## Sample Exam #1 Solutions

This sample exam is not intended to reflect the length of the actual exam. Rather, it is intended to show the types of questions that you should expect.

• 1. True/False.
• A. The function F(x) = x^2 + 1 has an attracting fixed point at the origin.
False, F(0)=1 so the origin in not fixed.

• B. Let (001001.....) and (1111....) be two sequences in the sequence space Sigma. Then the distance between these two points is 2/3.
False, d[s,t]=1/(2^0) + 1/(2^1) + 0/(2^2) + 1/(2^3) + 1/(2^4) + 0/(2^5) + . . .
=1 +1/2 +1/8 + 1/16 + 1/64 + ... > 1 > 2/3.
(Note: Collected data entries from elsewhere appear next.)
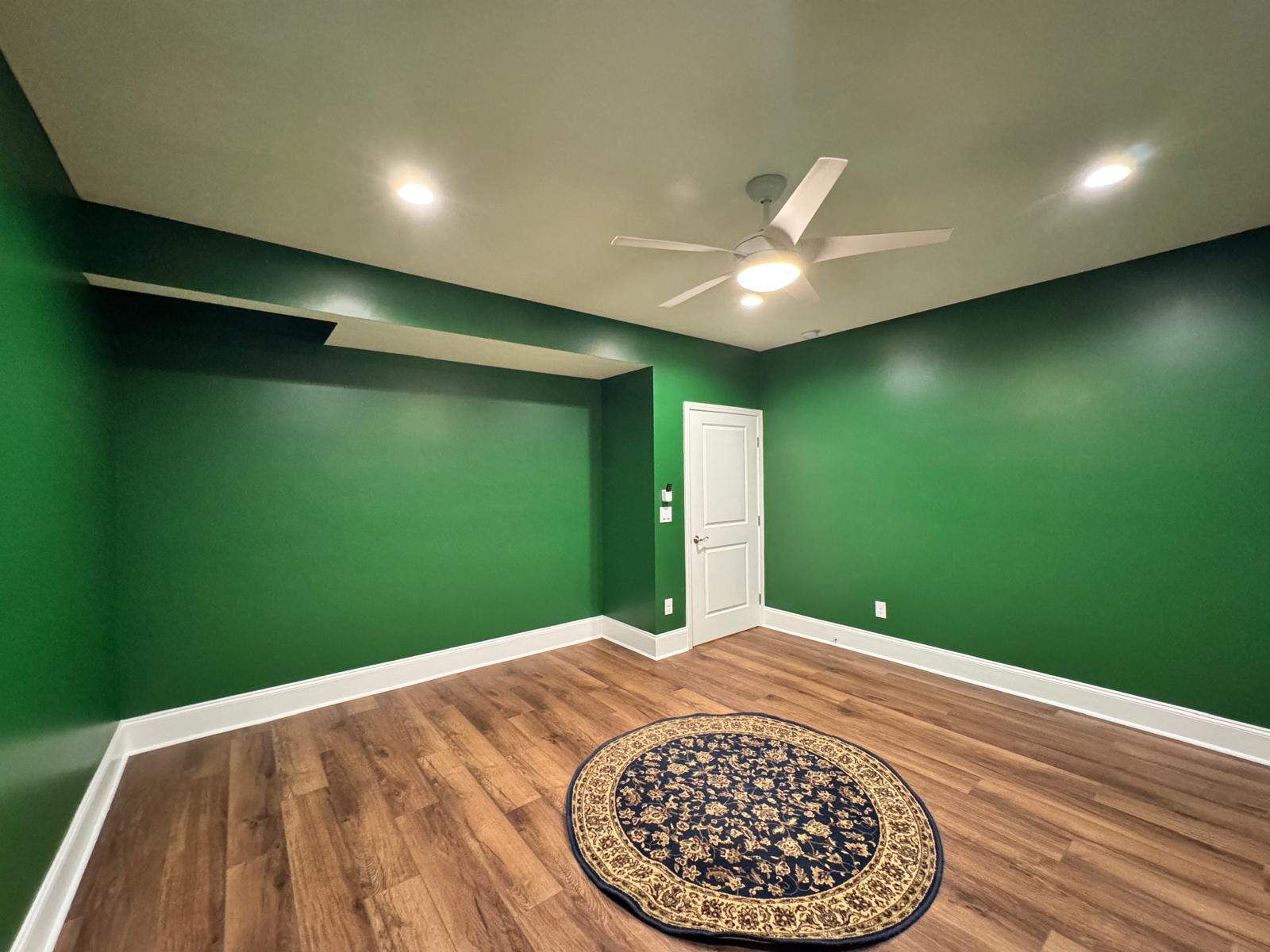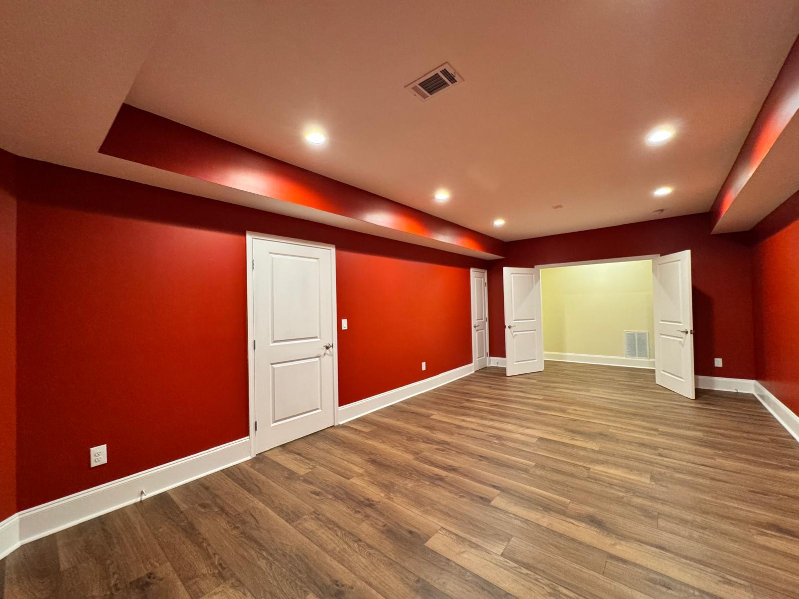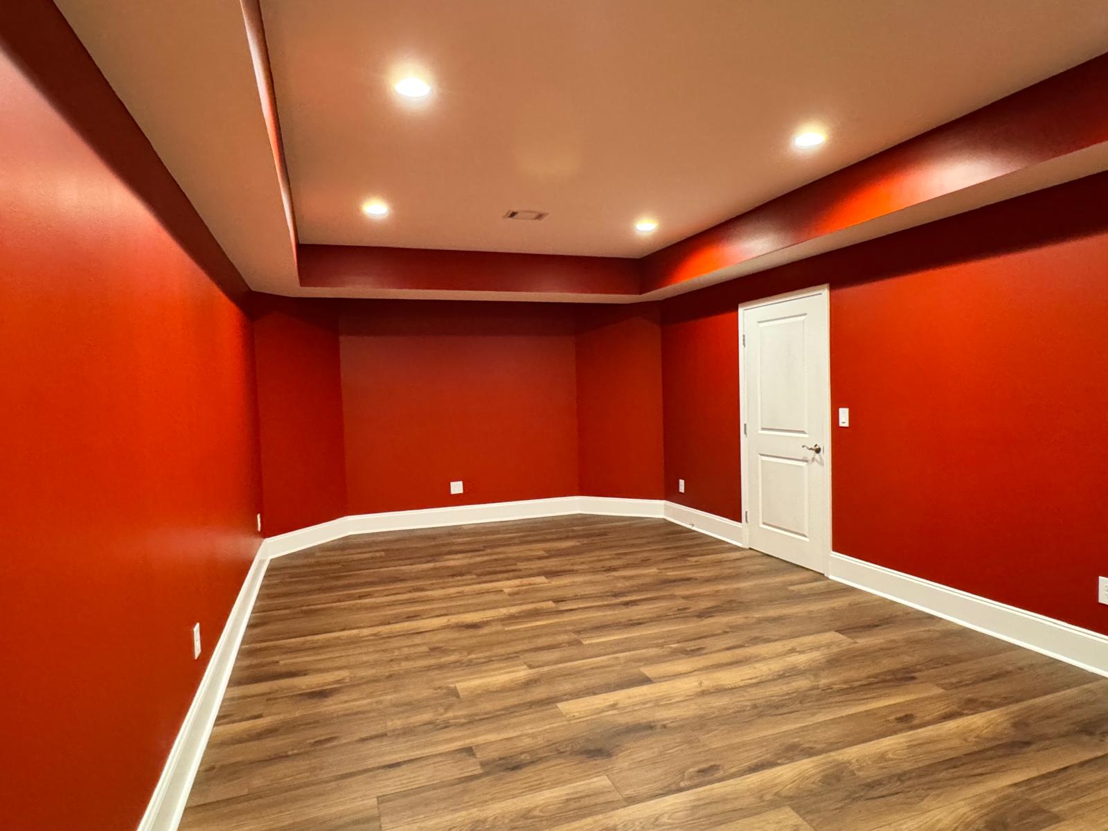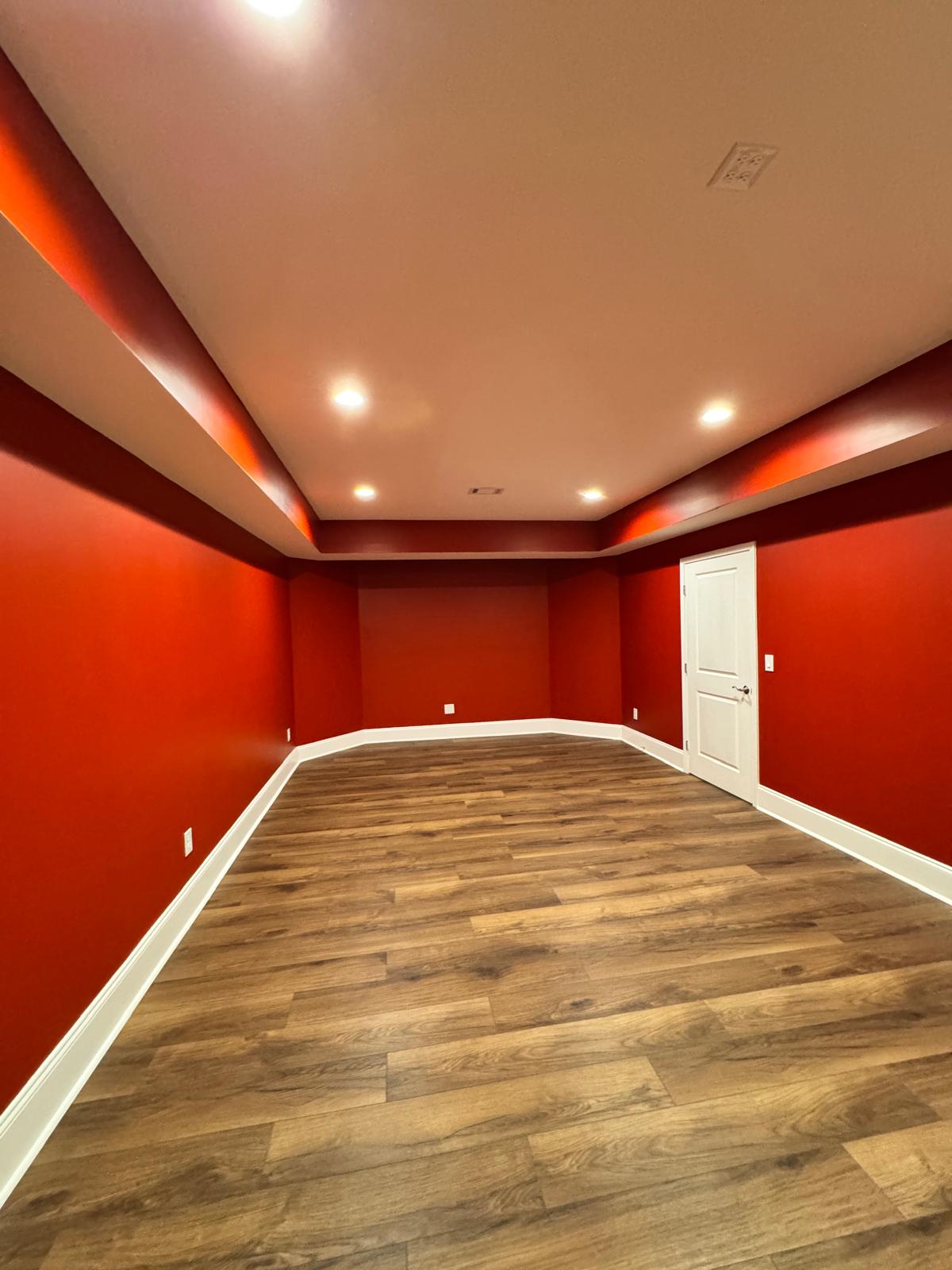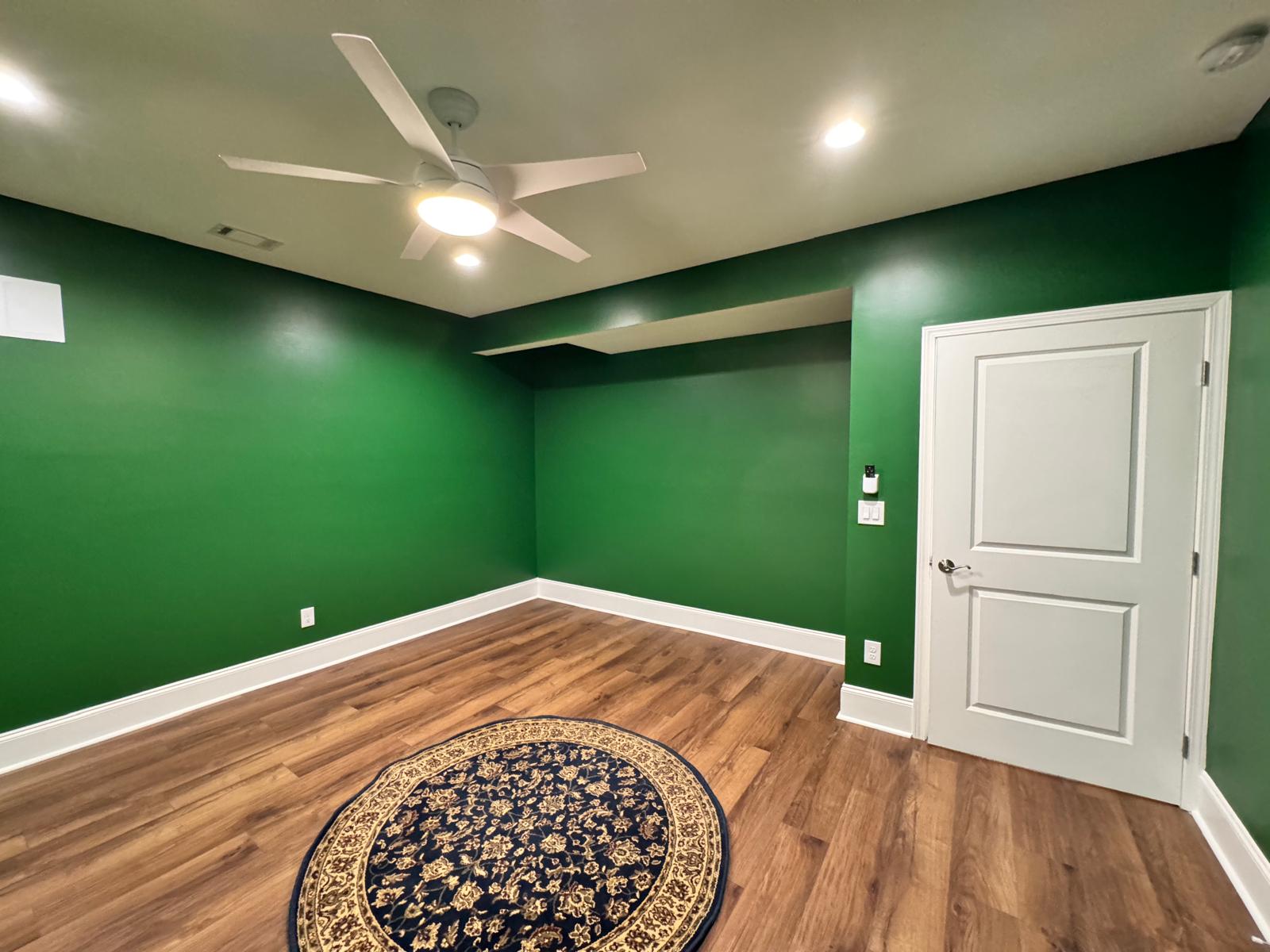 This project involved a full transformation tailored to the client’s vision. Laminated wood flooring was installed to add warmth and durability, while bold color choices in different areas—such as red and green—highlight a strong and confident personality. The space was ultimately converted into a custom relaxation area, perfectly aligned with the client’s lifestyle and personal requirements.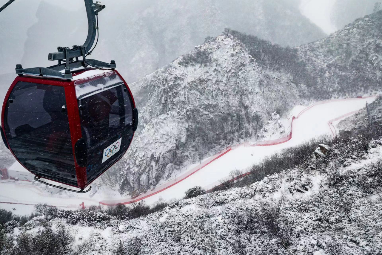 坐缆车去比赛场地。工人日报-中工网记者王伟伟摄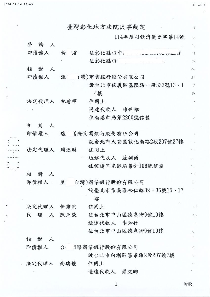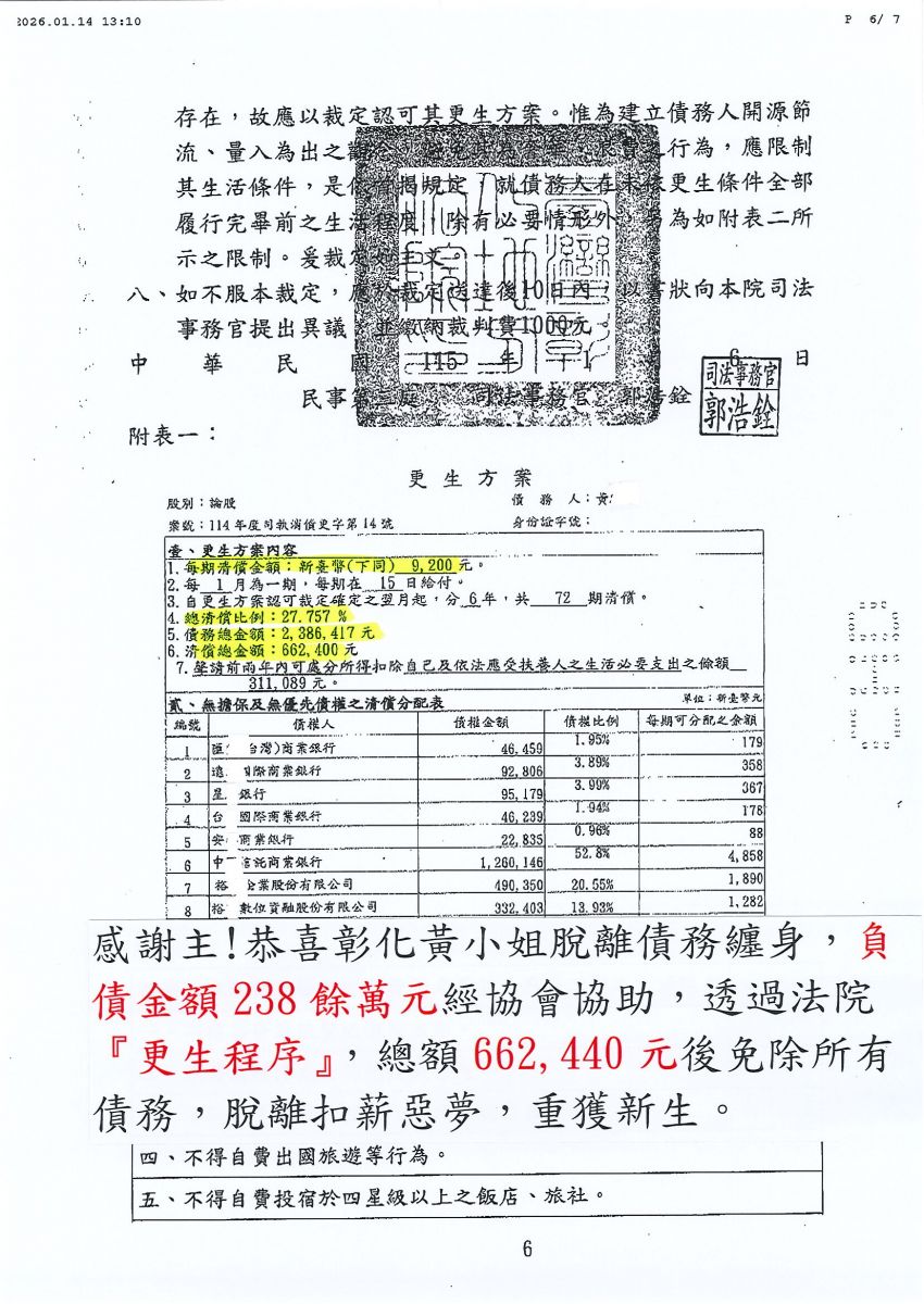 狂賀本會會員 黃小姐 經法院裁定更生方案認可確定,以662,440元
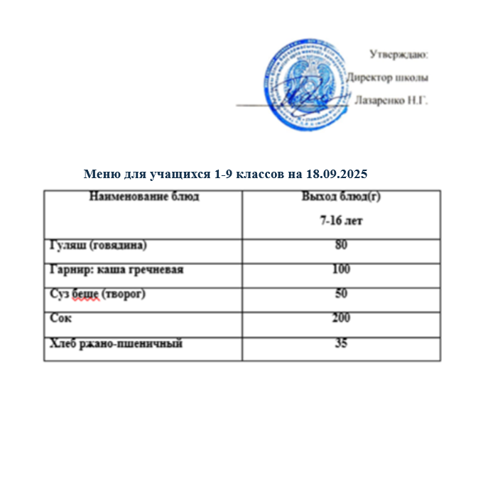 Мәзір (тағамдардың суреті) 2025-2026

• C. The point with ternary expansion .01010101..... is an endpoint of the Cantor Middle-Thirds set.
False, enpoints end in all 0's or 1's.

• D. The point 1 lies on a cycle of period 2 for the function F(x) = x^2 - 1.
False, 1 is eventually cyclic. The orbit is <1,0,-1,0,-1,...>.

• E. If a continuous function F has a cycle of period 27, then it must have a cycle of period 28 too.
True, by Sarkovski's ordering since 27 is odd and 28 = 7*(2^2).

• 2. Quickies. Answers only -- no partial credit.
• A. The function F(x) = |x| has eventually fixed points at all x<0 since here F(x)=-x and F^2(x)=F(-x)=x.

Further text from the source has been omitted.